ENEMIES – They cross the desert to bypass the mountain and attack at dawn. They are what the Mountain fears most. We will not see them, but the film will also talk about them, and we will hear their cries of war. If it weren’t for them, Suwayda would have no weapons.
Intended audience
Our film aims to reach an international audience who may have heard of Syria, but know little or nothing about Suwayda and its inhabitants. It is an intimate, sensitive, political documentary that seeks to provoke thought, or rather, to provoke feeling. It is embodied, rooted in the red earth and black rocks of a mountain that served as a refuge for the filmmakers and their loved ones, but which now seems threatened. It aims to inspire love for the Druze ecosystem without resorting to propaganda, to show both the strengths and weaknesses of a human community, but also to expose the painful reality facing it. The perspective is modest: to bring a community to life in the minds of those who were unaware of its existence and, perhaps, to inspire viewers to help rebuild the broken bridges that once connected the plains and the mountains.…
Artistic approach
In the Shadow of the Syrian Mountains adopts an intimate, embedded documentary approach rooted in presence rather than explanation. The film is shot handheld, often alone or in small groups, embracing the instability and immediacy of lived experience.
Inspired by Syrian films such as For Sama, Little Palestine, The War Show, and Our Terrible Country, the visual language favors proximity over polish. The camera does not observe from a distance; it breathes with those it films. Imperfection becomes a strength, reinforcing trust and emotional truth.
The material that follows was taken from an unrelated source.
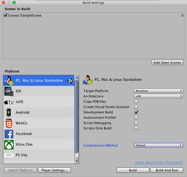 1. Go to File > Build Settings, and under Platform, select Windows, Mac, Linux. Set the Target Platform to Windows, set the Architecture to Intel 64-bit, and click the Development Build checkbox.
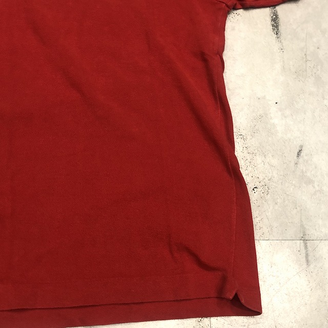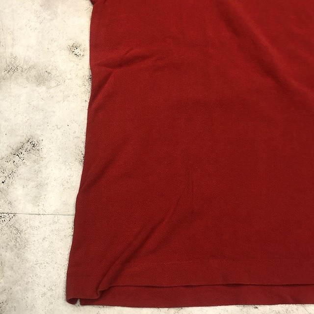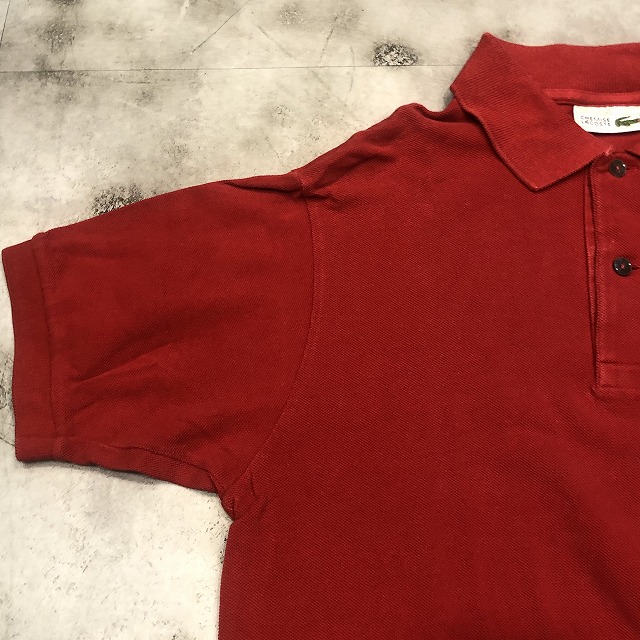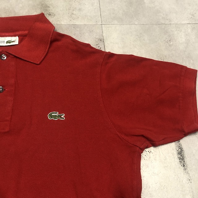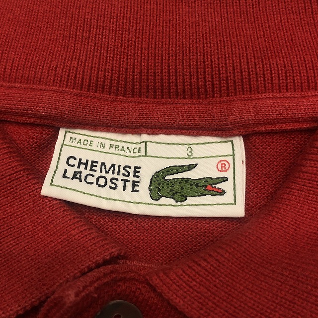 こちらは鮮やかなレッドカラー、タグ表記“3”サイズの一着。ブランドのアイコンとも言えるワニのワッペンが胸元にしっかりと鎮座し、さりげなく存在感を放っています。

Khuzama’s voice is central. She never appears in full, but we feel close to her, as if we were right beside her, listening to her softly telling us how she feels, as if she were confiding in us. Most of the shots of her were not filmed on location in Suwayda, but afterwards, with the necessary hindsight. Her voice-over continues to speak to us when she is not on screen. Her reflections structure the film and create a dialogue between events and introspection. She is both guide and subject, insider and observer, embodying the tension between attachment and disillusionment.
The shots of the men who dominate this world are distant, and our connection with them is formal: it will be up to Khuzama to define them and tell us what she thinks of them and what they represent. They will appear in direct interviews, indoors (leaders) or in the street (ordinary citizens and fighters).
The mountain itself is filmed as a character. Its volcanic textures, shifting light, and open horizons contrast with the claustrophobia of siege and violence. Sound design emphasizes wind, footsteps, distant gunfire, and silence, grounding the viewer in physical space. Songs and music from the region provide occasional accompaniment.
Violent events will be broadcast with the aim of not visually shocking the viewer, but will nevertheless convey their traumatic nature, in particular by focusing on the soundtrack rather than the image, while avoiding sound effects as much as possible.
Editing follows chronological time, allowing reality to unfold without retrospective manipulation. Testimonies are allowed to contradict one another, reflecting the complexity of a community under pressure.
The film avoids propaganda and romanticization. It seeks to show both the strengths and limits of the Druze community, honoring their values while acknowledging internal tensions and political ambiguities.
Ultimately, the artistic ambition is modest yet urgent: to make a forgotten place visible, to restore human presence to abstract news narratives, and to invite viewers not just to understand—but to feel.